Friday, April 13, 2007

Bio-Fuels - Good or Bad?

A lot of publicity has been given to the increased production and use of bio-fuels such as corn-based ethanol. As the inhabitant of a state whose economy is based on agriculture, I have some contrary thoughts.

The good things about ethanol are that it is clean-burning, and that it helps to reduce our dependence on Middle East oil. However, these good things may be far outweighed by not-so-good things.

First, ethanol generated from corn is not a terribly efficient source of energy. I believe that the energy input-to-output ratio is somewhere around 1:1.2, taking into consideration the energy (usually in the form of petroleum products) needed to plant, cultivate, harvest, and transport corn, and convert it to ethanol.

Second, the non-renewable resource of topsoil is degraded by its continual exploitation for agricultural use, although this is remediated somewhat by the use of fertilizers, no- and low-till techniques and hardier, bio-engineered crop varieties.

Third, and most concerning in my opinion, is the use of water for irrigation. You won’t hear about this every night on the evening news, but water scarcity is a real and growing problem in many western states. The water levels of rivers and reservoirs in western Nebraska are at record lows due to eight years of drought. I spend a lot of time driving through “cornhusker country” and few things are more disturbing to me than the sight of a center-pivot irrigation rig (similar to a giant lawn sprinkler) running full-blast on a hot, windy day.

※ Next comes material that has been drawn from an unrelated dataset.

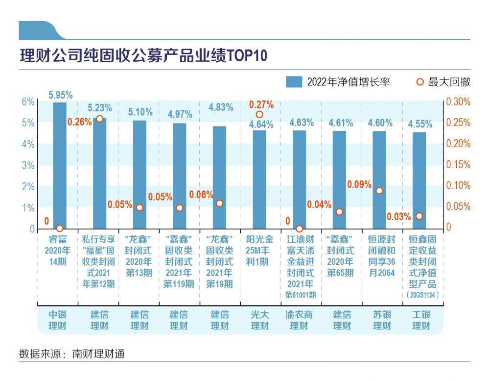 在2022年理财公司纯固收产品收益排行榜中,有6家理财公司的产品进入前十榜单,分别是中银理财、建信理财、光大理财、渝农商理财、苏银理财和工银理财。

Fourth, increased demand for corn in ethanol production impacts other segments of the global economy. Corn is not just corn-on-the-cob and Green Giant Niblets. It is also widely used in cereal, snacks, and beverages (check the ingredient labels on cans and boxes in your pantry for “corn sweetener”), as feed for cattle, hogs, and poultry, and of course as a staple food in the form of cornmeal and tortillas. The price of corn used in manufacturing food will be driven up, as a result of its increased use in ethanol production.

Isn’t it immoral for the US government to encourage increased demand for corn-based ethanol, when this action will surely increase food prices around the world? Should the poor go hungry so that we can feel better about our fuel consumption, especially when our net energy gain is so insignificant?

Wouldn’t it be less harmful in the long run, to commit more resources to the development of new energy technologies, and to temporarily reduce our dependence on Middle East oil by expediting oil production in ANWAR?